Figure 2: Model of the functional requirements for GFI1/GFI1b and RUNX1 during EHT. RUNX1 is required for both the change in morphology and acquisition of hematopoietic competence (cells turning red). GFI1/GFI1B are essential for the change in morphology and additional unknown transcriptional targets of RUNX1 are required for acquisition of hematopoietic competence.
The Lancrin group studies the hematopoietic system and looks to develop strategies to improve methods for generating blood cells from pluripotent stem cells.
Previous and current research
In adulthood, the continuous generation of blood cells relies on the existence of hematopoietic stem cells (HSC), which have the ability to self-renew and generate all blood cell types. Any pathology affecting these cells could lead to the development of serious diseases such as leukemia and anemia.
HSC are formed during embryonic life from endothelial cells, building blocks of the vascular system, which is responsible for blood circulation in the body. This process is called endothelial to hematopoietic transition (EHT). The EHT is dependent on the activity of the transcription factor RUNX1, a master regulator of blood development.
Using the model of embryonic hematopoiesis based on embryonic stem cells (ESC) differentiation, we could model the EHT (Figure 1) and study the role of RUNX1. We demonstrated that as in the embryo, it could trigger the EHT process but we also discovered that RUNX1 induced the expression of two other transcription factors called GFI1 and GFI1B whose function was to shutdown the expression of endothelial genes and complete the formation of blood cells from the endothelium (Figure 2). Our work revealed the dual function of RUNX1: the shutdown of the endothelial cell fate and the activation of the hematopoietic one.
Future projects and goals
The generation of the ESC-like induced pluripotent stem cells (iPSC) from fully differentiated cell types, such as skin fibroblast, provided a major breakthrough in the field of regenerative medicine. However, important work has to be done to differentiate efficiently iPSC or ESC toward specific cell types including blood cell progenitors such as HSC.
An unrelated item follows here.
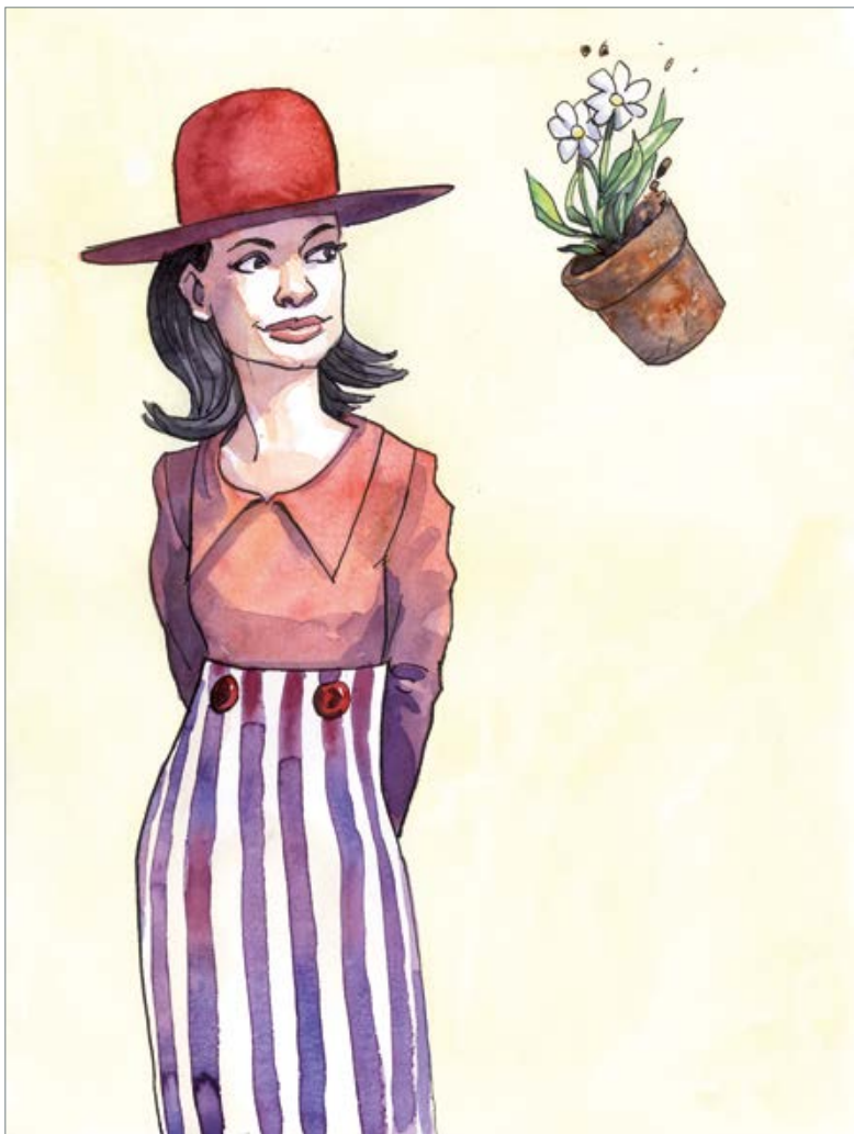
It's just a jump to the left (The Rocky Horror Picture Show) 50 x 40 cm

Consequently, the focus of our research is to unravel the mechanisms underlying the formation of HSC from endothelial cells. Combining single cell transcriptomics, computational biology, time-lapse microscopy, and loss and gain of function experiments in vitro and in vivo, we plan to identify signaling pathways and transcriptional regulators involved in the generation of hematopoietic stem and progenitor cells during embryonic life. Our research will help the development of new strategies to improve methods of blood cell generation from ESC or iPSC for regenerative medicine.